* [WORK TO COMPLETE]: Your answer must be the lines of the material below, exactly as written, from its first line through the line with "Made out of", and no pictures.

* [DATA]:
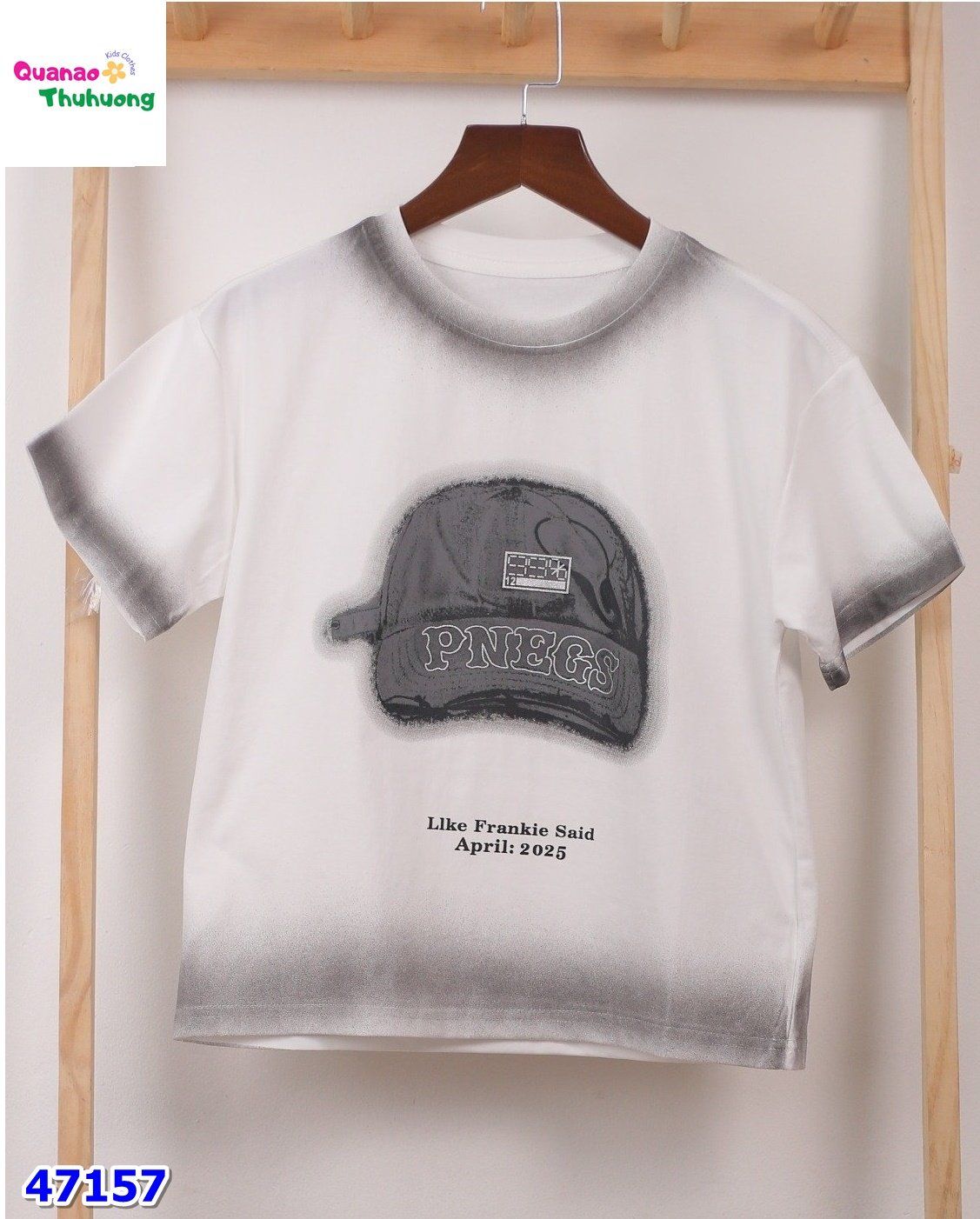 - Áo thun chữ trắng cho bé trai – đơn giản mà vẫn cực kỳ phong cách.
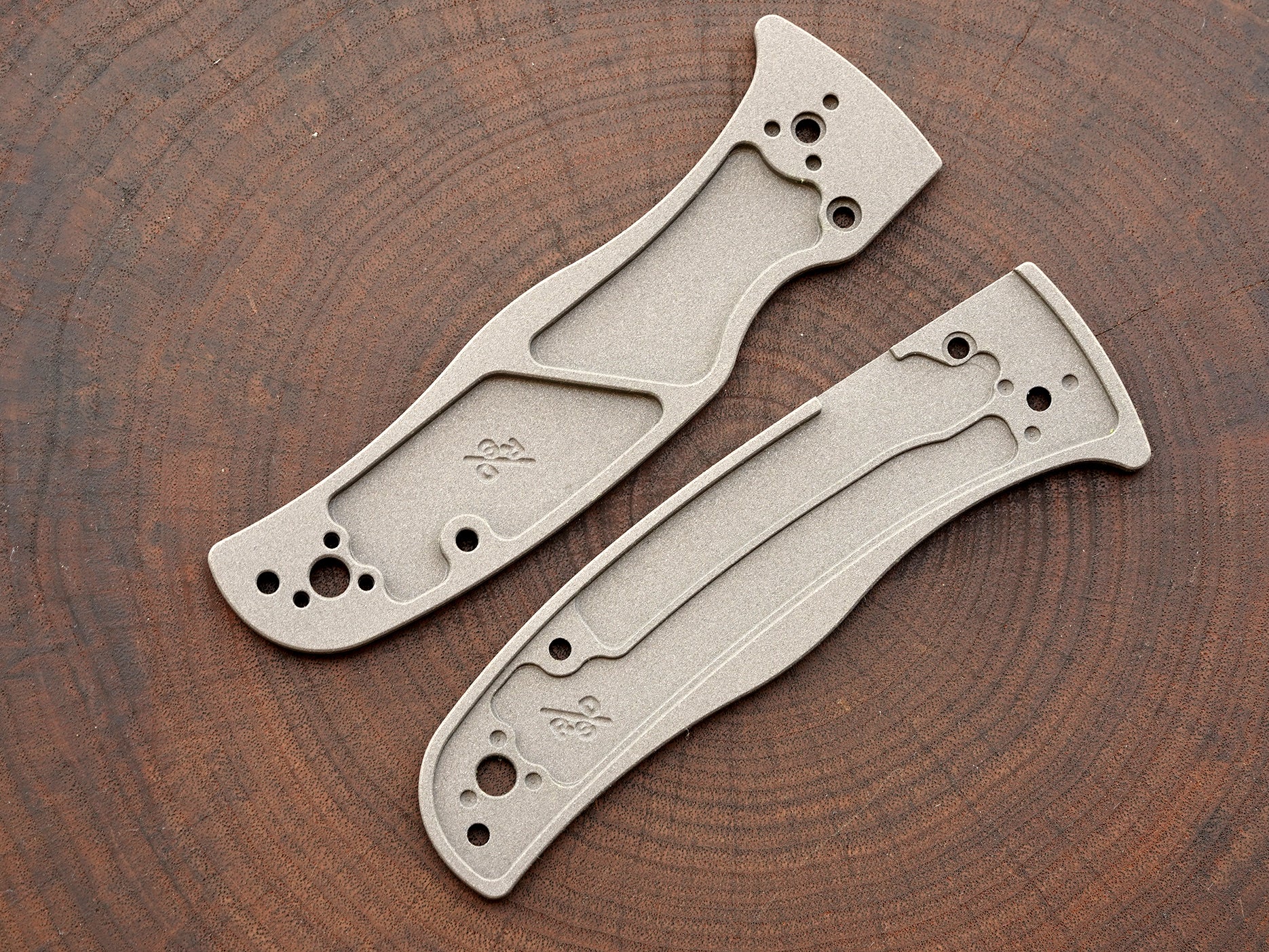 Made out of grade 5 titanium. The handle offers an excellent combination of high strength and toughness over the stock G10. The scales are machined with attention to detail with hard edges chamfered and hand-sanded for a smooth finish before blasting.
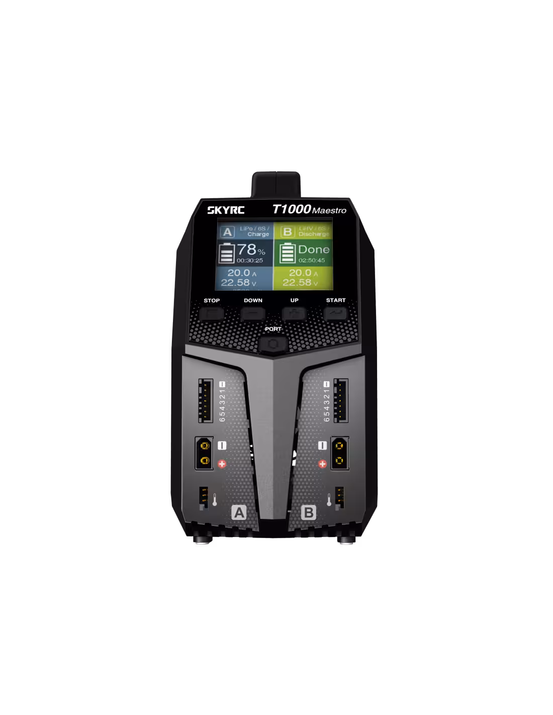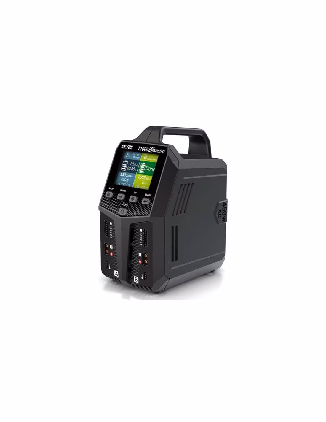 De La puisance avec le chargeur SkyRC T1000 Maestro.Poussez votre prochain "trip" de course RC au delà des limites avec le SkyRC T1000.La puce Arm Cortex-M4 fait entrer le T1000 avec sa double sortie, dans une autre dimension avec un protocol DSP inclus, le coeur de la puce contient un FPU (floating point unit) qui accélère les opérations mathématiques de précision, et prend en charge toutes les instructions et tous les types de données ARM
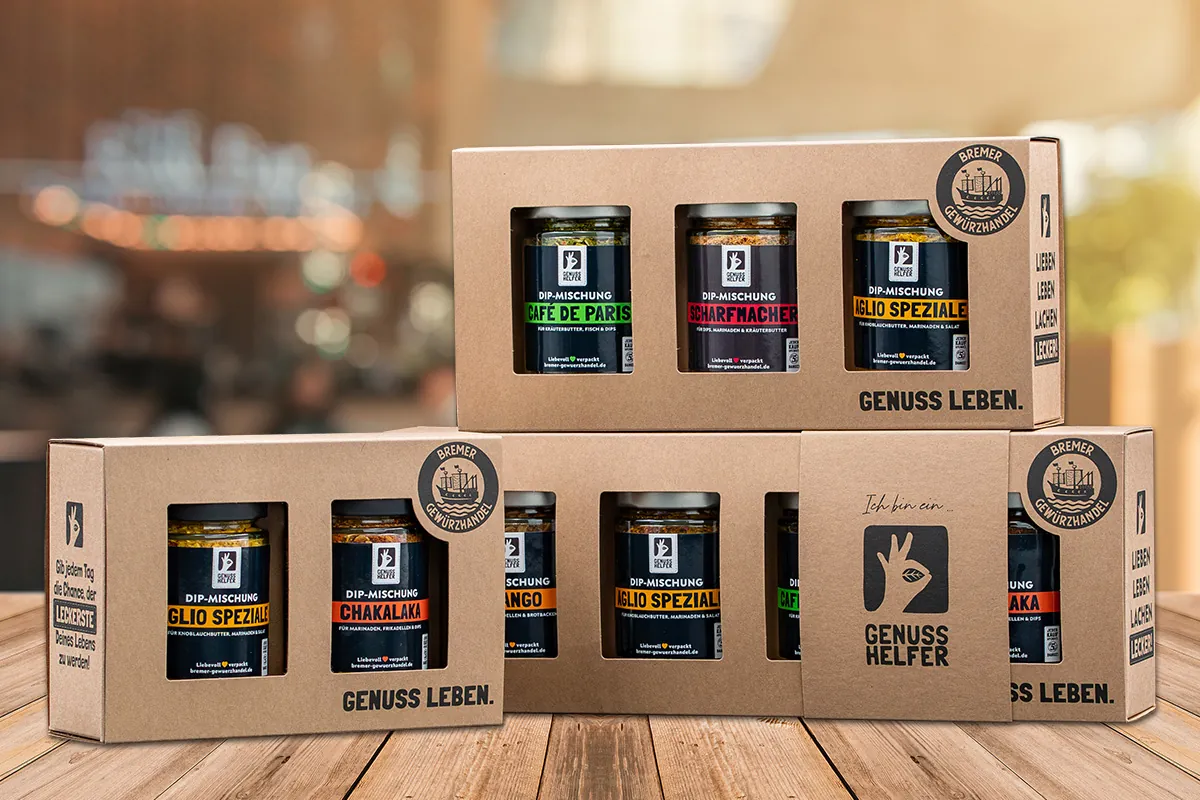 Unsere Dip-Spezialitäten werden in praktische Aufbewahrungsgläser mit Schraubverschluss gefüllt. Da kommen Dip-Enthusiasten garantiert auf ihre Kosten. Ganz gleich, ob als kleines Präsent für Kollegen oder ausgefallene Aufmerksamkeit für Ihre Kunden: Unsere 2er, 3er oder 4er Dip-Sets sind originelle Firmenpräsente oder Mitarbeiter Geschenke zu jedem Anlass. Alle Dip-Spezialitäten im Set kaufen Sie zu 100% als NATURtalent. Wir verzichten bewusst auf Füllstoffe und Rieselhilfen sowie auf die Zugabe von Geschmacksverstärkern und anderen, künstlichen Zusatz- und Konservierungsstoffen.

* [OUTPUT OF THE EXERCISE]:
 - Áo thun chữ trắng cho bé trai – đơn giản mà vẫn cực kỳ phong cách.
 Made out of grade 5 titanium. The handle offers an excellent combination of high strength and toughness over the stock G10. The scales are machined with attention to detail with hard edges chamfered and hand-sanded for a smooth finish before blasting.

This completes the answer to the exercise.